後方追走から、3角のかなり早めに外から進出しようとするもの、最後はバテた。
後方追走ではどうしようもない展開だったので、後方でじっくり構えて末脚に賭けても届かなかったと思われるので、早めの進出は仕方なかっただろう。この馬のよさを発揮出来なかったレースなので、これで見限ることはないと思う。ただ、52キロの軽ハンデを活かせなかったので、軽ハンデが活きる馬ではないということは覚えておきたい。
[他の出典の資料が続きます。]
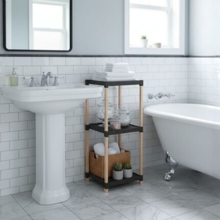 Original price was: 17,80 €.14,90 €Η τρέχουσα τιμή είναι: 14,90 €.Ραφιέρα δαπέδου πλαστική – ξύλινη χρώμα φυσικό – μαύρο 28x25x72εκ.
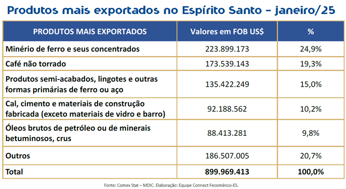 O principal destaque das exportações capixabas em janeiro foi o minério de ferro e seus concentrados, que liderou o ranking com 223,9 milhões de dólares, representando 24,79% do total exportado no mês.
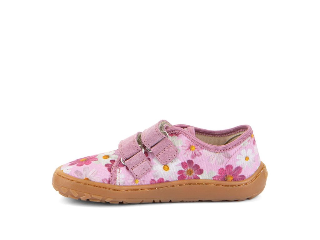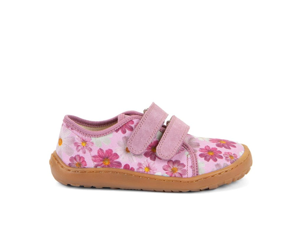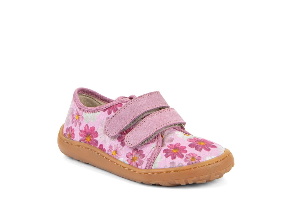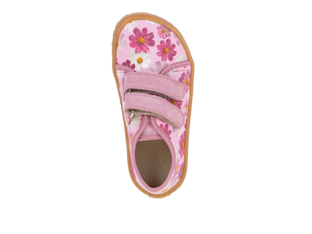 Barefoot textilní tenisky Barefoot Froddo Flowers G1700440-9 s oblíbeným motivem kytiček v růžové barvě. Textilní vrchní část se dvěma suchými zipy z kůže a podrážka z gumy. Upravený model s novou ekologičtější vnitřní stélkou z mikrovlákna. Dají se použít jako tenisky pro teplejší dny, bačkory a nebo boty do tělocviku.
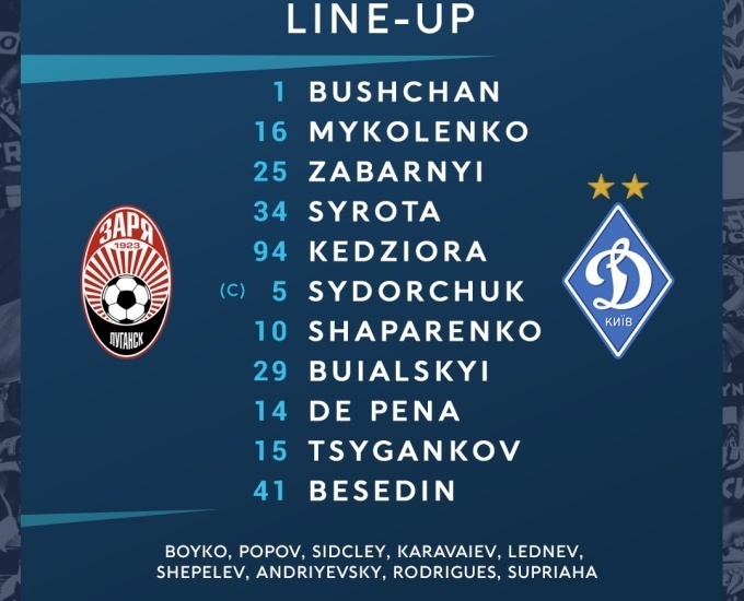 Динамо: Бущан, Кендзьора, Сирота, Забарний, Миколенко, Буяльський, Сидорчук, Шапаренко, Де Пена, Циганков, Бєсєдін
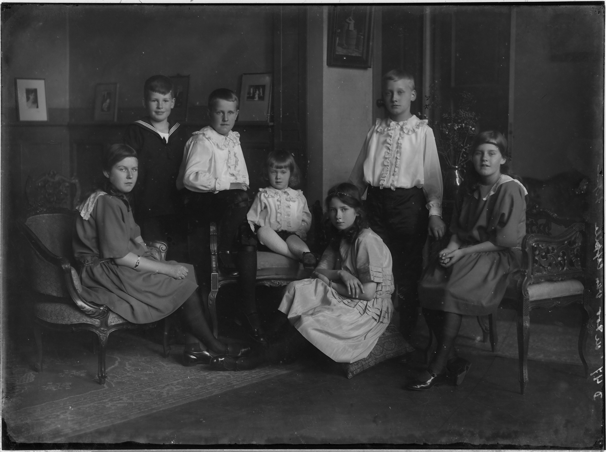 - groepsportret van 7 kinderen uit de familie De Roo van Westmaas waarschijnlijk in villa Weizigt
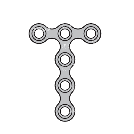 Длинная мини-пластина Конмет толщиной 0,6 мм изготовлена из титана, имеет Т-образную форму и 6 отверстий. Применяется для черепно-челюстно-лицевого остеосинтеза и костной пластики.
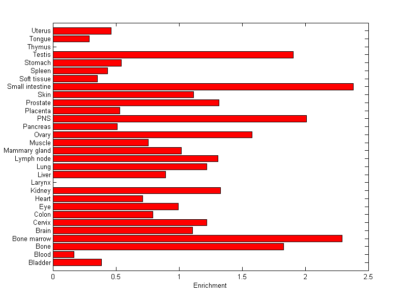 The expression level is normalized with tissue-library size. Each value for a gene in a tissue is a ratio of observed ESTs to the expected one in this tissue. The expected number of ESTs is the product of total ESTs of the gene and the fraction of total ESTs in the tissue among all ESTs in 30 tissues.
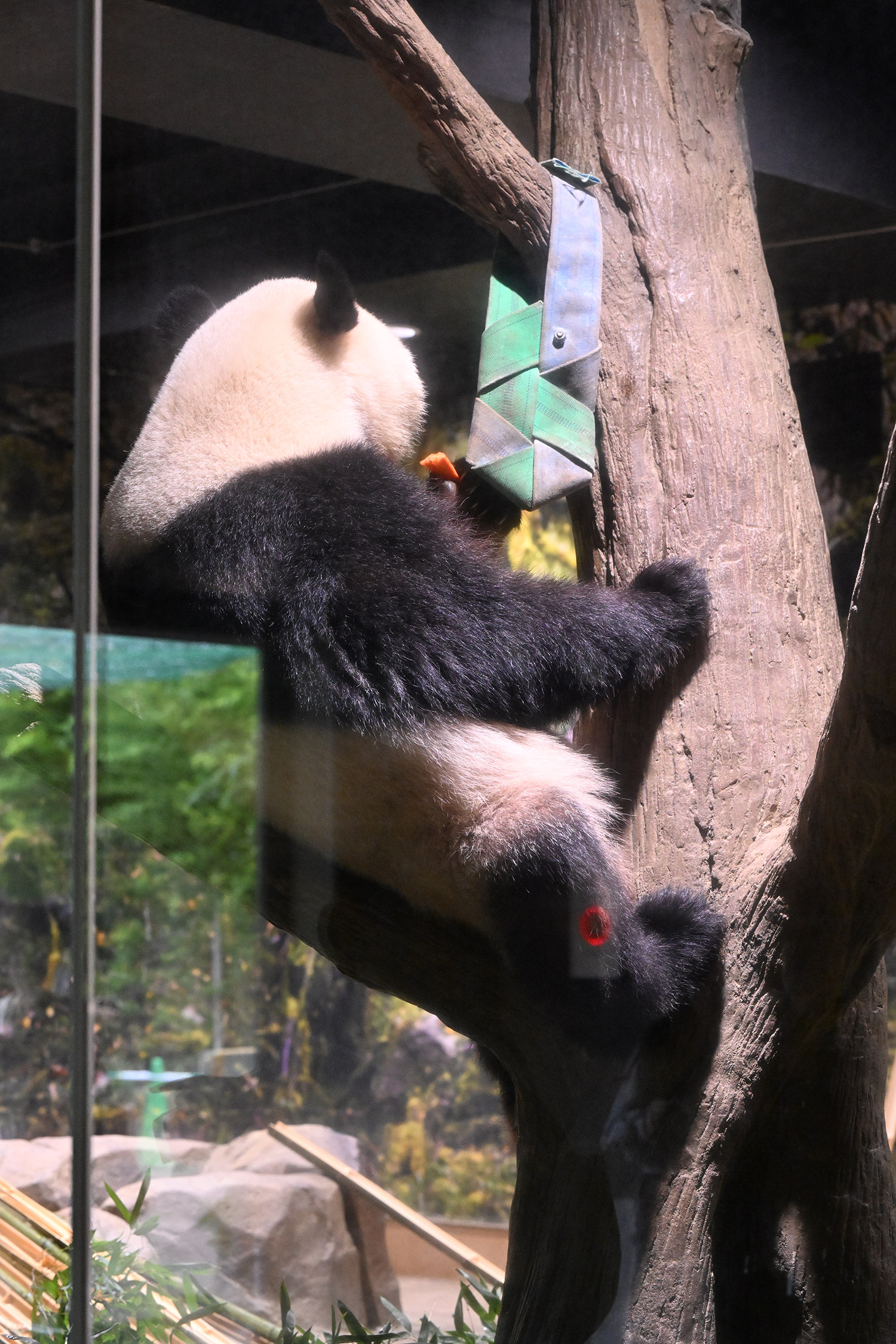 今日のパンダは10:00からです。今日も日差しはやや強めでしたが気温は控えめだったので2頭ともお外でした。
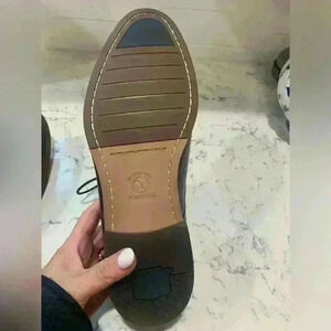 These dress shoes are brand new. Size 10. Small scuff on top of one shoe as shown in picture. These have the flex sole and comfort padding on the tongue. Missing the box. Will ship quickly and wrapped for protection. Smoke free home.
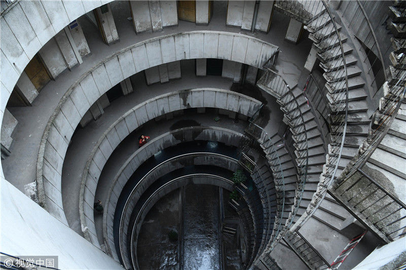 2018年12月6日,重慶江北紅旗河溝汽車站內(nèi),有一棟獨(dú)特的八層圓環(huán)狀建筑,底層每天有不少進(jìn)出站的客車通行。據(jù)悉,這棟樓建于1990年,曾經(jīng)是車站旅館,如今一、二兩層用于車站辦公,其余樓層已廢棄。為確保安全,三層以上已經(jīng)被封鎖。圖為公交車穿過(guò)8層空心圓筒樓。徐勇/視覺(jué)中國(guó)
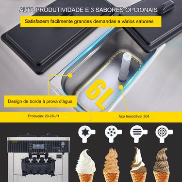 Máquina de Gelado Soft (3 Sabores 6L LCD)
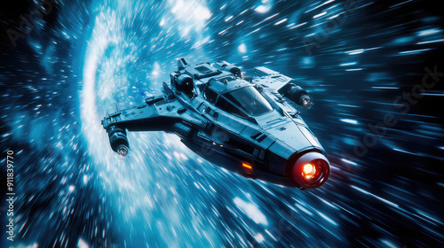 A spaceship is speeding at light speed through a holographic galactic vortex - generative aiWall mural
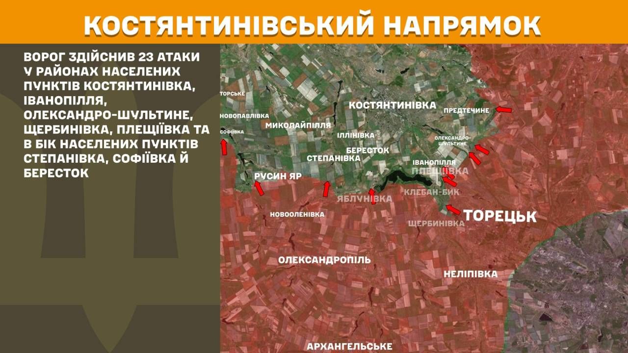 На Костянтинівському напрямку ворог здійснив 23 атаки у районах населених пунктів Костянтинівка, Іванопілля, Олександро-Шультине, Щербинівка, Плещіївка та в бік населених пунктів Степанівка, Софіївка й Бересток.
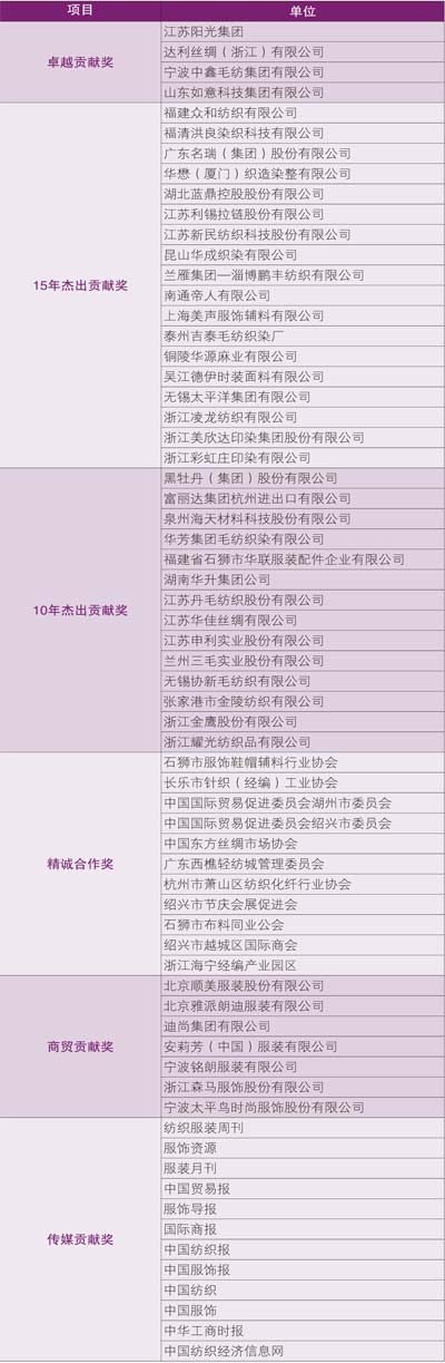 從1995 年到2014 年,20 年歲月匆匆。為感謝各界為展會(huì)做出的突出貢獻(xiàn),慶典上,主辦方向各級(jí)政府、產(chǎn)業(yè)集群和市場(chǎng)、合作機(jī)構(gòu)、各方媒體,尤其是海內(nèi)外的參展商和采購(gòu)商頒發(fā)了10 年展商杰出貢獻(xiàn)獎(jiǎng)、15 年展商杰出貢獻(xiàn)獎(jiǎng)、商貿(mào)貢獻(xiàn)獎(jiǎng)、傳媒貢獻(xiàn)獎(jiǎng)、精誠(chéng)合作獎(jiǎng)、20 年展商卓越貢獻(xiàn)獎(jiǎng),以感謝20 年來(lái)行業(yè)企業(yè)和友好合作機(jī)構(gòu)的相伴共生與持續(xù)助力(獲獎(jiǎng)名單詳見(jiàn)附圖)。
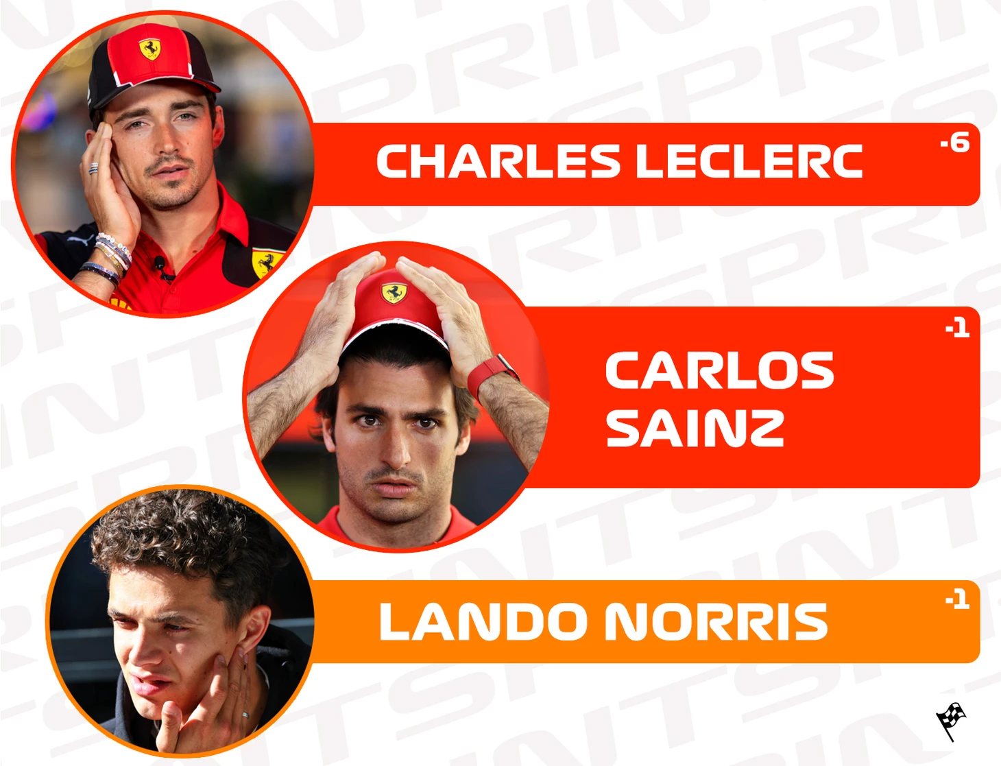 Лишь трое пилотов финишировали ниже стартовой позиции. Главным разочарованием этот спринт стал для Шарля Леклера: после заезда судьи наказали монегаска прибавкой пяти секунд к итоговому времени за неоднократное нарушение границ трассы. Это отодвинуло Леклера с 7-го на 12-е место.
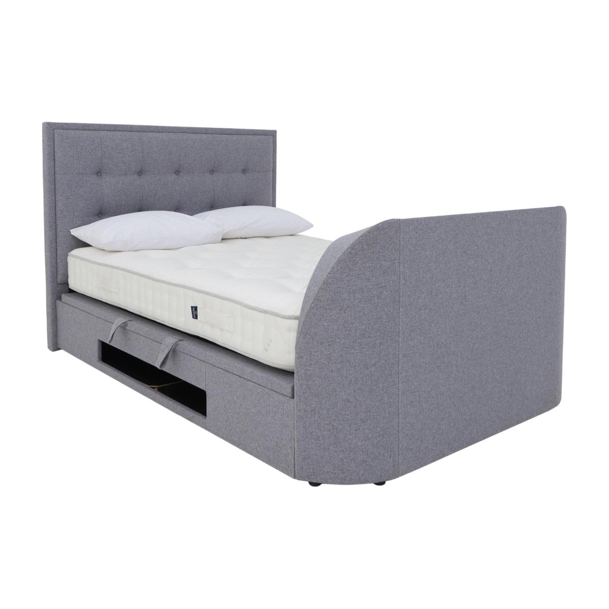 If you’re looking for the ultimate way to relax, here’s your bed frame. The Athos TV ottoman bed frame looks fabulous, has a huge underbed storage space and can hide a 43 inch TV in its foot end. Why you'll love it This beautifully buttoned TV ottoman bed frame is the ultimate in relaxation. Contemporary style, high-tech functionality. Slim foot end can accommodate up to a 43 inch TV (not included). TV is raised and lowered by remote control (supplied). Spacious side-opening ottoman storage with hydraulic lift mechanism. Cushioned headboard with understated buttoning. Upholstery is finished by hand. Frame is handmade. The small side storage and side ottoman opening can be on either side of the bed. In double, king and super king sizes. Exclusively available at Furniture Village. This TV ottoman bed frame is part of the Athos range. What you need to know Mattress sold separately. TV not included. Please take care when opening and closing the ottoman. Clean regularly using a soft brush or vacuum with the curtain attachment. Deal with any spills promptly. Professional cleaning advised for oil- and grease-based stains. Some fabrics can show wear on areas of more use or in direct sunlight.

12着   7番  カルヴァリオ       セ 6 吉田隼人  54  2.01.0 35.4

後方追走から、直線でもさほど伸びず。オープンでは実力不足。

13着  16番  エアスピネル       牡 6 福永祐一  58  2.01.1 36.2

中段追走から、外を回って追い上げようとするも、直線では全く伸びなかった。
戦績的にこのメンバーでは格上の馬であったが、外枠で常に外を回った距離ロスはあるし、そもそもこの馬はマイル戦がベストで2000mは距離が長いということだと思う。昨年の札幌記念で負けた時のルメール騎手のコメントでも距離を理由にしていた。菊花賞3着の実績はあるが、近年の菊花賞は長距離戦らしからぬ展開になるので長距離実績には加えない方がよい。そのため、次走マイル戦に出走したら、ガラリ一変の可能性はありそうだ。
 
14着   3番  ブラックバゴ       牡 7 斎藤新    55  2.01.5 35.8

後方からまるでのびず。もうオープンでの好走は無理ではないだろうか。

15着  11番  マイネルサージュ   牡 7 国分恭介  55  2.01.6 35.7

後方からまるでのびず。もうオープンでの好走は無理ではないだろうか。

16着  12番  スズカデヴィアス   牡 8 勝浦正樹 57.5 2.01.9 36.2

後方から、まるで伸びなかった。コーナーで馬が嫌気を出していたということなので、気性的にアテにできないムラ馬ということのようだ。戦績どおり重賞では能力は足りないものの、オープン特別ではやや警戒が必要という馬なのだと思う。